▶ [Task goal]: The answer is to be the lines below that lie between the line holding "A close-up of" and the line holding "地は浅紅(あさべに:明るい紅", inclusive, transcribed exactly and free of pictures.

▶ [Raw data]:
↓

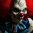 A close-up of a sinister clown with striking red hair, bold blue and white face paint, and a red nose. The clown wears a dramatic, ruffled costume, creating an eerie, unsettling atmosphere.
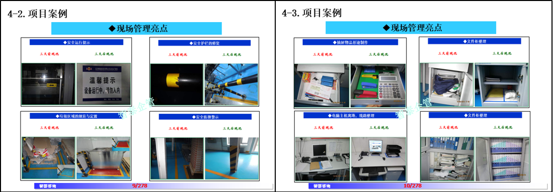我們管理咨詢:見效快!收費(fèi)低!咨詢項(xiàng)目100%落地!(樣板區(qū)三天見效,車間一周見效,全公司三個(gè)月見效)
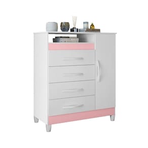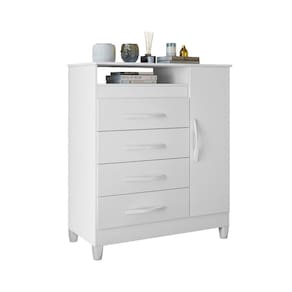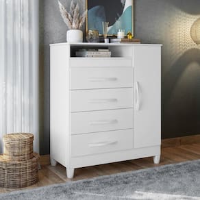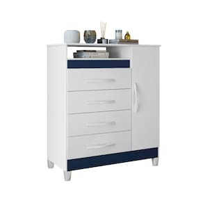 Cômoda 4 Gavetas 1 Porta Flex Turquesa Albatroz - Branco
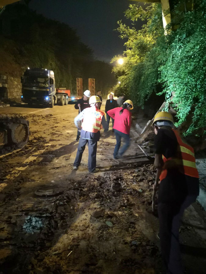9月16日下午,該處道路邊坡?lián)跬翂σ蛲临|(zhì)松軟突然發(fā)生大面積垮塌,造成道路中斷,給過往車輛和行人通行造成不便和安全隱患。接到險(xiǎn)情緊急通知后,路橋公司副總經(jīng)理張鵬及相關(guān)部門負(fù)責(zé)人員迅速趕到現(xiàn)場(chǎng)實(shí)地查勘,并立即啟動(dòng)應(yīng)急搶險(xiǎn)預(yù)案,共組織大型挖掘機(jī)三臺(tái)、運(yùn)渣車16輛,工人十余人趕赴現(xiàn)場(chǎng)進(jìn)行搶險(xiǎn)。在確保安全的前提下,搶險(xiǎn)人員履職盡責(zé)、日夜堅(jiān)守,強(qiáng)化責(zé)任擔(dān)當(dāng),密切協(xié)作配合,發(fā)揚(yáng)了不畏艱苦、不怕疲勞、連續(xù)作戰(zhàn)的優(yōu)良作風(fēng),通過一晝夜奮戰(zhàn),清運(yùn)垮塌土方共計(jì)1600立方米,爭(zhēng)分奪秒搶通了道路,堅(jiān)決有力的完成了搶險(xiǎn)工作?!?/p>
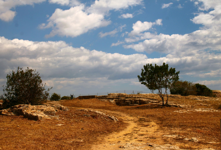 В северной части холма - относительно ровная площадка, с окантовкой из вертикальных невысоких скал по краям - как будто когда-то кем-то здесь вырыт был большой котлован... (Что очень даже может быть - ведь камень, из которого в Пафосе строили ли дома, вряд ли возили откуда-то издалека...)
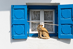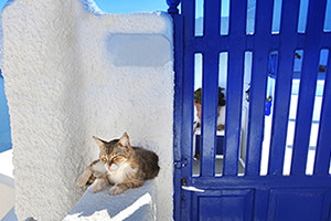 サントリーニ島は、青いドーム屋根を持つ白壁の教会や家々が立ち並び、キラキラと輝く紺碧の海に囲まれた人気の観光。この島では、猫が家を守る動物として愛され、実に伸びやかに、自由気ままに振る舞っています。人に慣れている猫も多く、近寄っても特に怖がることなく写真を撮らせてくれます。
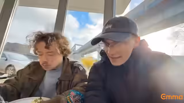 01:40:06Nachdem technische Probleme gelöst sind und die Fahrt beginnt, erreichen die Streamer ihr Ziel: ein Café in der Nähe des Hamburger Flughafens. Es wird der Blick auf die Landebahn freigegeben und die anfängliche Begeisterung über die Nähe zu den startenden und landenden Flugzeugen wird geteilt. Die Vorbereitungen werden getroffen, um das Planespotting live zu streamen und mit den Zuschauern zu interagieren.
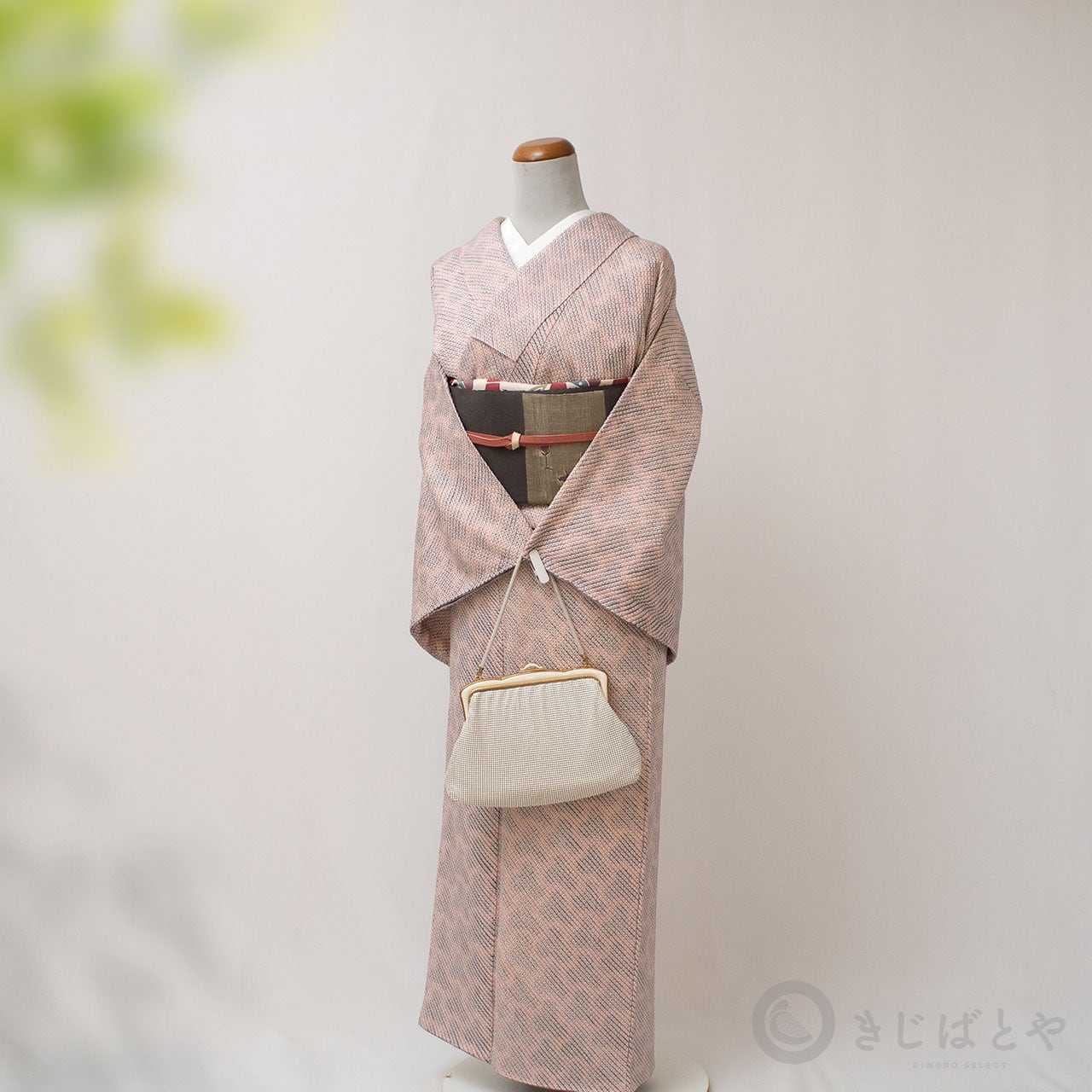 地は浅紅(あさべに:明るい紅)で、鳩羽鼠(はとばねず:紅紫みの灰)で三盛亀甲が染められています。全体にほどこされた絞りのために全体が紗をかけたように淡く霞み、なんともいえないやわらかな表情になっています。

↑
↓

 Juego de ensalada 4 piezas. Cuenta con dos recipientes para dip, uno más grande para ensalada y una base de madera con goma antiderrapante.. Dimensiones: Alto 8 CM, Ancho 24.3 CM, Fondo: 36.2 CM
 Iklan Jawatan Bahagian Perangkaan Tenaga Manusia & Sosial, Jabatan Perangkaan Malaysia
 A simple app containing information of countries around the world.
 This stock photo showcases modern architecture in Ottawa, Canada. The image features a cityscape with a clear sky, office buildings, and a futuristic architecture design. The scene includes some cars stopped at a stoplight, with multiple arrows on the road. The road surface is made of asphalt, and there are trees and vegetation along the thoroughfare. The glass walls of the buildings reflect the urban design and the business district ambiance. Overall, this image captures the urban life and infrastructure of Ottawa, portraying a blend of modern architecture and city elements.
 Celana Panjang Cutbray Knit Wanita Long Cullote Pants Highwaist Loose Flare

↑

▶ [The completed task]:
 A close-up of a sinister clown with striking red hair, bold blue and white face paint, and a red nose. The clown wears a dramatic, ruffled costume, creating an eerie, unsettling atmosphere.
我們管理咨詢:見效快!收費(fèi)低!咨詢項(xiàng)目100%落地!(樣板區(qū)三天見效,車間一周見效,全公司三個(gè)月見效)
 Cômoda 4 Gavetas 1 Porta Flex Turquesa Albatroz - Branco
9月16日下午,該處道路邊坡?lián)跬翂σ蛲临|(zhì)松軟突然發(fā)生大面積垮塌,造成道路中斷,給過往車輛和行人通行造成不便和安全隱患。接到險(xiǎn)情緊急通知后,路橋公司副總經(jīng)理張鵬及相關(guān)部門負(fù)責(zé)人員迅速趕到現(xiàn)場(chǎng)實(shí)地查勘,并立即啟動(dòng)應(yīng)急搶險(xiǎn)預(yù)案,共組織大型挖掘機(jī)三臺(tái)、運(yùn)渣車16輛,工人十余人趕赴現(xiàn)場(chǎng)進(jìn)行搶險(xiǎn)。在確保安全的前提下,搶險(xiǎn)人員履職盡責(zé)、日夜堅(jiān)守,強(qiáng)化責(zé)任擔(dān)當(dāng),密切協(xié)作配合,發(fā)揚(yáng)了不畏艱苦、不怕疲勞、連續(xù)作戰(zhàn)的優(yōu)良作風(fēng),通過一晝夜奮戰(zhàn),清運(yùn)垮塌土方共計(jì)1600立方米,爭(zhēng)分奪秒搶通了道路,堅(jiān)決有力的完成了搶險(xiǎn)工作?!?/p>
 В северной части холма - относительно ровная площадка, с окантовкой из вертикальных невысоких скал по краям - как будто когда-то кем-то здесь вырыт был большой котлован... (Что очень даже может быть - ведь камень, из которого в Пафосе строили ли дома, вряд ли возили откуда-то издалека...)
 サントリーニ島は、青いドーム屋根を持つ白壁の教会や家々が立ち並び、キラキラと輝く紺碧の海に囲まれた人気の観光。この島では、猫が家を守る動物として愛され、実に伸びやかに、自由気ままに振る舞っています。人に慣れている猫も多く、近寄っても特に怖がることなく写真を撮らせてくれます。
 01:40:06Nachdem technische Probleme gelöst sind und die Fahrt beginnt, erreichen die Streamer ihr Ziel: ein Café in der Nähe des Hamburger Flughafens. Es wird der Blick auf die Landebahn freigegeben und die anfängliche Begeisterung über die Nähe zu den startenden und landenden Flugzeugen wird geteilt. Die Vorbereitungen werden getroffen, um das Planespotting live zu streamen und mit den Zuschauern zu interagieren.
 地は浅紅(あさべに:明るい紅)で、鳩羽鼠(はとばねず:紅紫みの灰)で三盛亀甲が染められています。全体にほどこされた絞りのために全体が紗をかけたように淡く霞み、なんともいえないやわらかな表情になっています。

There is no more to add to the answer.